Meskipun masa kepelatihan Amorim di Manchester United berakhir dengan hasil yang kurang memuaskan, Maguire menegaskan bahwa ia tetap memiliki pandangan positif terhadap potensi sang pelatih.
“Saya benar-benar percaya dia akan terus maju dan memiliki karier yang luar biasa, dan di klub berikutnya dia mungkin akan memenangkan banyak, banyak pertandingan sepak bola,” ungkap Maguire.
Peran Kepemimpinan Maguire di Bawah Amorim
Di bawah kepelatihan Amorim, Harry Maguire sendiri menunjukkan peningkatan performa dan kembali menempati peran kepemimpinan yang vital dalam pertahanan tim.
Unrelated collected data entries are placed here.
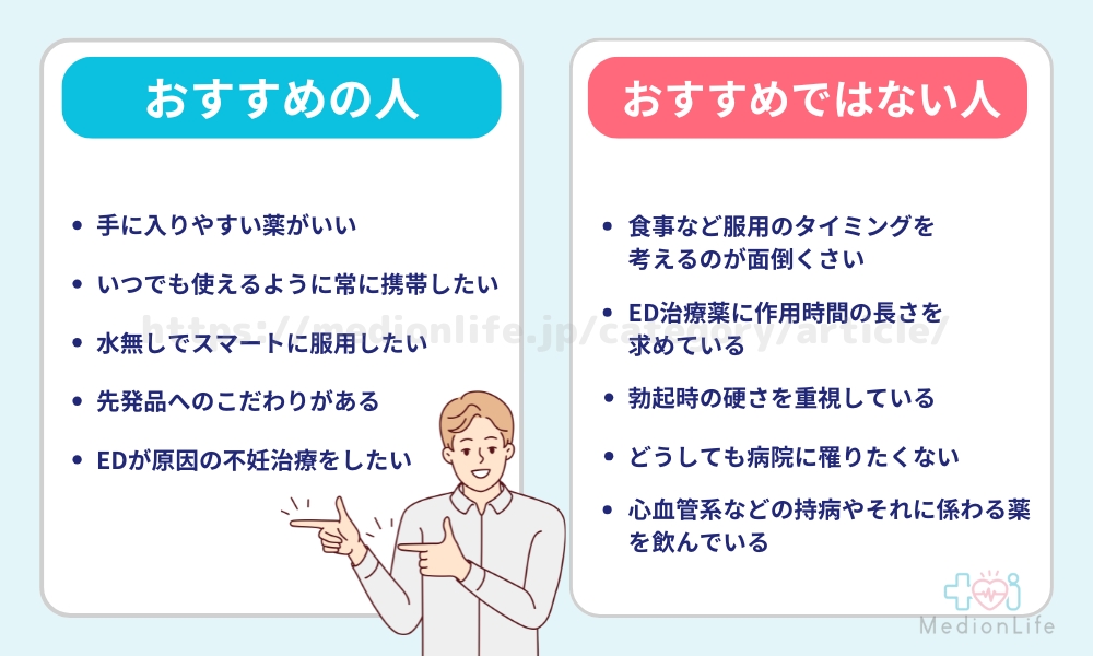 | おすすめポイント | ・即効性が期待できる ・食事の影響を受けにくい ・勃起時の硬さが期待できる |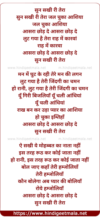 Lyrics of Sun Sakhi Ri Tera Jal Chuka Aashiya - सुन सखी री तेरा जल चुका आशिया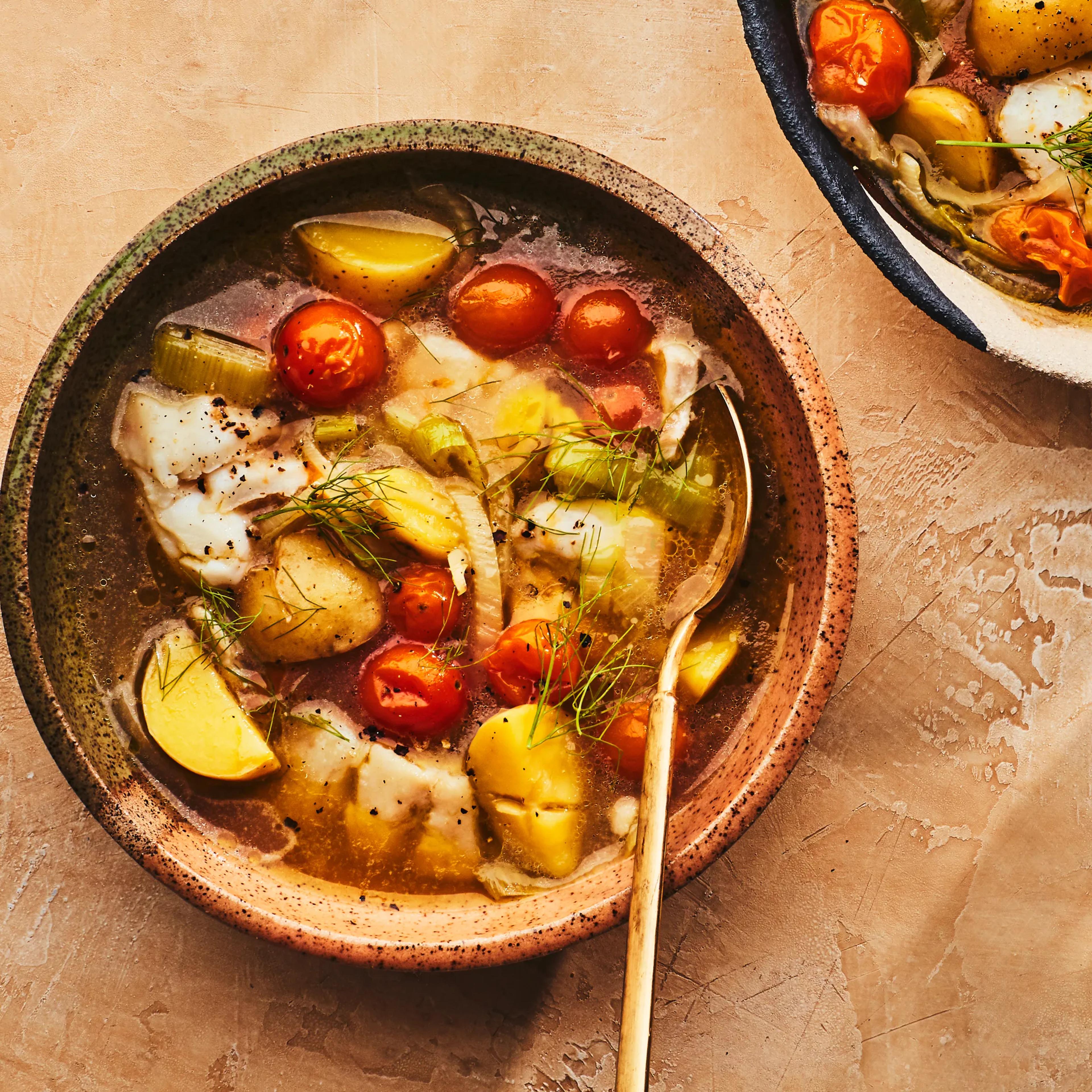 Step 4 Place potatoes in fish stock in a large pot, season with salt, and bring to a boil. Reduce heat to medium, bring to a simmer, and cook, stirring occasionally, until potatoes are almost tender, 10–14 minutes. Add sliced fennel and white leek parts and cook, stirring occasionally, until vegetables are barely tender, 4–6 minutes. Add fish and cook, stirring occasionally, until fish is opaque, about 4 minutes. Remove from heat and stir in tomatoes; taste and adjust seasoning.

Amorim memuji komitmen dan kualitas kepemimpinan Maguire, mencatat, “Dia kembali menjadi seorang pemimpin. Dia merasa lebih seperti pemain penting dalam tim, dan dia sangat percaya pada dirinya sendiri. Dia melakukan pekerjaan hebat.”
Posisi Maguire di lini tengah pertahanan tiga pemain yang diterapkan Amorim memungkinkannya memaksimalkan dominasi udara dan kesadaran defensifnya. Komitmen Maguire terlihat jelas, bahkan ketika ia bermain dalam kondisi sakit, menunjukkan tingkat dedikasi yang diharapkan Amorim dari setiap pemainnya.
Maguire juga menekankan pentingnya tanggung jawab pemain dalam menjalankan instruksi pelatih. “Kami sebagai pemain harus memikul banyak tanggung jawab untuk itu juga,” tambah bek tengah tersebut. Ia merasa nyaman bermain dalam formasi empat bek, yang dinilainya lebih sesuai dengan gaya permainannya yang seringkali melakukan dorongan ke depan dengan bola.
Transisi dan Harapan ke Depan
Setelah kepergian Amorim pada Januari 2026, Manchester United mengalami perubahan signifikan di bawah manajer interim Michael Carrick. Sejak mengambil alih, Carrick berhasil mengangkat performa tim, membawa mereka naik ke posisi tiga besar Liga Primer Inggris dengan 23 poin dari 10 pertandingan dan hanya mengalami satu kekalahan.
Maguire memuji transisi yang mulus di bawah Carrick, mengakui kontribusi staf pelatih dalam membuat proses adaptasi berjalan lancar.
Meskipun masa kepelatihan Amorim di Manchester United tidak mencapai puncaknya, pujian dari Maguire menunjukkan bahwa warisan taktis dan upaya membangun skuad yang kuat tetap dihargai. Pengalaman ini menjadi pelajaran berharga bagi klub dalam perjalanan mereka mencari stabilitas dan kesuksesan di masa depan.